WORK INSTRUCTIONS ▸ Every line of the material needs an exact copy, apart from the images.

INFORMATION SHOWN ▸
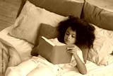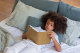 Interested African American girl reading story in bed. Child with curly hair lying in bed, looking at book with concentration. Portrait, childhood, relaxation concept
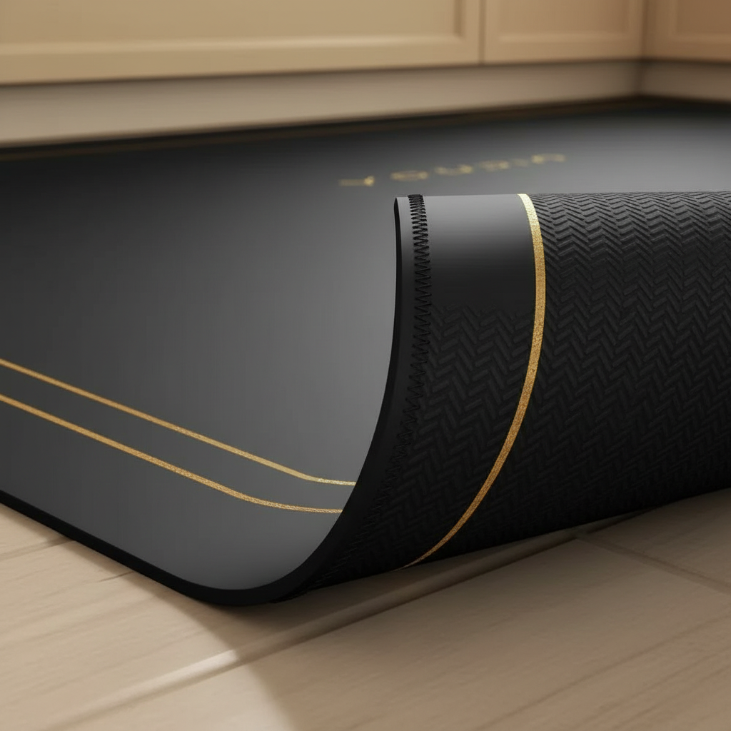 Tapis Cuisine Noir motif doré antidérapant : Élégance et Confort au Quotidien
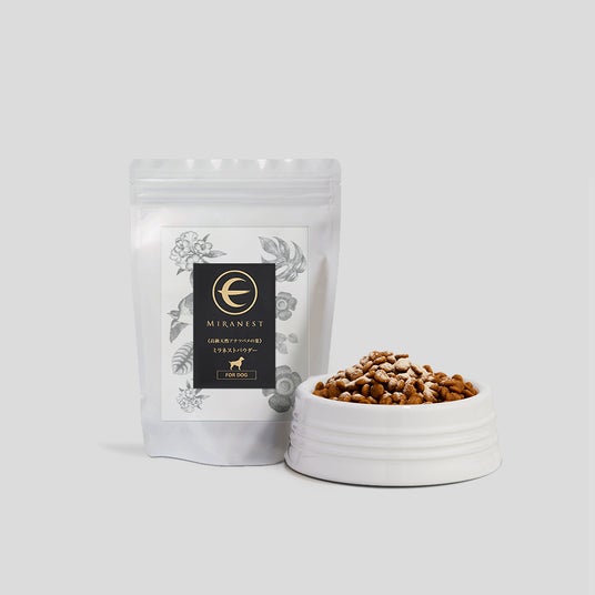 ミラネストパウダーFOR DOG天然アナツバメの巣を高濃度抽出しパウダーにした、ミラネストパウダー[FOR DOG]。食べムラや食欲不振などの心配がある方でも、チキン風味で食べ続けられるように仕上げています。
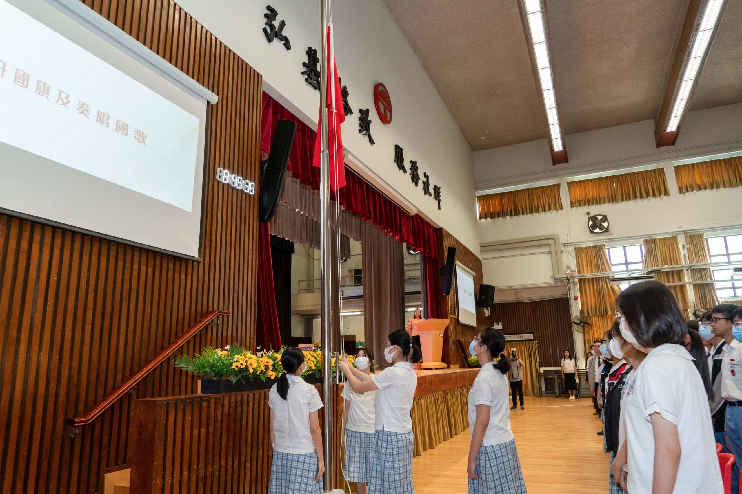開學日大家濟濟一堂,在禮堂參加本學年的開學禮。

ANSWER BOX ▸
 Interested African American girl reading story in bed. Child with curly hair lying in bed, looking at book with concentration. Portrait, childhood, relaxation concept
 Tapis Cuisine Noir motif doré antidérapant : Élégance et Confort au Quotidien
 ミラネストパウダーFOR DOG天然アナツバメの巣を高濃度抽出しパウダーにした、ミラネストパウダー[FOR DOG]。食べムラや食欲不振などの心配がある方でも、チキン風味で食べ続けられるように仕上げています。
開學日大家濟濟一堂,在禮堂參加本學年的開學禮。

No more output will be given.